Washington Supreme Court Rules Against Florist Who Refused to Serve Same-Sex Couple

Dahlias for all. 


On Thursday, the Washington Supreme Court unanimously rejected a florist’s assertion that she had not discriminated against a same-sex couple when she refused to provide flowers for their wedding—and that, even if she had, she held a constitutional right to do so.

The florist, Barronelle Stutzman, rose to fame in 2013 after she informed Robert Ingersoll, a gay customer, that she would not sell him flowers for his upcoming wedding because of “her relationship with Jesus Christ.” Stutzman explained that her religious beliefs precluded her from providing flowers for same-sex ceremonies. Ingersoll and his partner sued under Washington nondiscrimination law, which prohibits discrimination on the basis of sexual orientation, and the state attorney general asked Stutzman to stop discriminating against gay customers. Stutzman refused, and the state sued as well. A trial court ruled against Stutzman, fining her $1001 and ordering her to stop discriminating.
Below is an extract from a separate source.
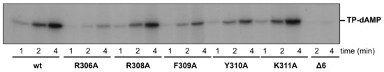 As mentioned above, to start Phi29 DNA replication, the DNA polymerase has to form a heterodimer with a free TP, then the DNA polymerase catalyzes the incorporation of the first nucleotide onto the hydroxyl group of the TP priming residue Ser232 (initiation reaction). Thus, to study the initiation activity of the mutant polymerases, we evaluated their ability to form the initiation product (TP-dAMP) using as template Phi29 TP-DNA. As shown in Figure 6 and Table 1, mutant K311A and, to a lower extent, R308A, were proficient in performing the initiation reaction, whereas mutants R306A, F309A, and Y310A were 13-, 4- and 3-fold less efficient than the wild-type enzyme. As it can be observed, mutant Δ6 showed a negligible ability to catalyze the formation of the initiation product.

She appealed all the way to the state Supreme Court, which has now affirmed the trial court’s judgment.

Stutzman first claimed that she hadn’t actually discriminated on the basis of sexual orientation, because she is willing to serve gay customers, just not those who are getting married. The court dismissed this defense as an untenable “distinction between status and conduct” that makes no sense because the conduct (getting married to a same-sex partner) is “fundamentally linked” to status (being gay). Moreover, the court explained, the Washington statute guarantees “full enjoyment” of public accommodations and prohibits “all discriminatory acts,” including those that “directly or indirectly” result in “any distinction, restriction, or discrimination” based on sexual orientation. This sweeping language obviously bars businesses from turning away same-sex couples planning a wedding as such discrimination creates a distinction on the basis of their sexual orientation that directly deprives them of the business’ services.
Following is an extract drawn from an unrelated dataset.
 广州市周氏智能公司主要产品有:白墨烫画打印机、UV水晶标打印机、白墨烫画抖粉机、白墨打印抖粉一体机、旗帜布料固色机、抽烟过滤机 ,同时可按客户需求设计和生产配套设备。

Next, Stutzman alleged that she has a free speech right to turn away same-sex couples as selling floral arrangements for profit amounts to “expression” protected by the First Amendment. The court determined that making and selling these arrangements is conduct, not speech, but noted that certain expressive conduct still holds some constitutional protection. Creating bouquets, the court concluded, does not fall into this category as it is not “inherently expressive” and does not send a message of any sort. Moreover, the Supreme Court has limited its expressive conduct decisions to noncommercial activity, like marching in a parade. Stutzman sells flowers for money—and “her store,” the court wrote, “is the kind of public accommodation that has traditionally been subject to antidiscrimination laws.”

Stutzman has a very strange backup argument: She insists that the court should create a new “narrow” rule that would let only “businesses, such as newspapers, publicists, speechwriters, photographers, and other artists, that create expression” discriminate against same-sex couples. But as an amicus brief filed by Americans United for Separation of Church and State points out, this rule “would create a ‘two-tiered system’ that carves out an enormous hole from public accommodations laws,” under which “a dime-store lunch counter would be required to serve interracial couples but an upscale bistro could turn them away.” Because this bifurcation of nondiscrimination law has no basis in free speech jurisprudence—and would undermine the very purpose of public accommodation statutes—the court properly rejected it.

Perhaps Stutzman’s least risible defense is her religious freedom claim. Stutzman alleges that Washington has violated her free exercise rights under the First Amendment by forcing her to violate her religious beliefs. Unfortunately for Stutzman, the Free Exercise Clause permits neutral laws of general applicability—even if they have the practical effect of burdening religious liberty. The Washington statute at issue here is obviously such a law. There is no evidence that it was designed to target Christians like Stutzman, and it applies broadly to all businesses. Stutzman sought a new exemption to this rule, permitting discrimination in public accommodations, but the court sensibly declined to create one.

Finally, Stutzman asserted that she holds a right to discriminate under Washington’s own constitution, which arguably provides greater protections for religious liberty than the First Amendment. The court “emphatically” rejected this argument. Even if the court applied the strictest of scrutiny to Washington’s nondiscrimination law, it noted, Stutzman’s defense would still fail because the law is narrowly tailored to serve an overwhelmingly important public interest.

“As every other court to address the question has concluded,” the court held in the decision’s most incisive passage, “public accommodations laws do not simply guarantee access to goods or services. Instead, they serve a broader societal purpose: eradicating barriers to the equal treatment of all citizens in the commercial marketplace. Were we to carve out a patchwork of exceptions for ostensibly justified discrimination, that purpose would be fatally undermined.”

This decision is a remarkable victory for nondiscrimination law and a stinging rebuke of the sophistic reasoning concocted by anti-gay advocates to justify this form of discrimination. It functions as a sort of mini-treatise on the clash between religious liberty and minority rights, concluding that strong public accommodation law may constitutionally co-exist with religious freedom. Stutzman may be a very sympathetic defendant, but she is also a business owner who sells goods to make a profit. She wanted to hold herself above the law. And the Washington Supreme Court correctly refused to let her.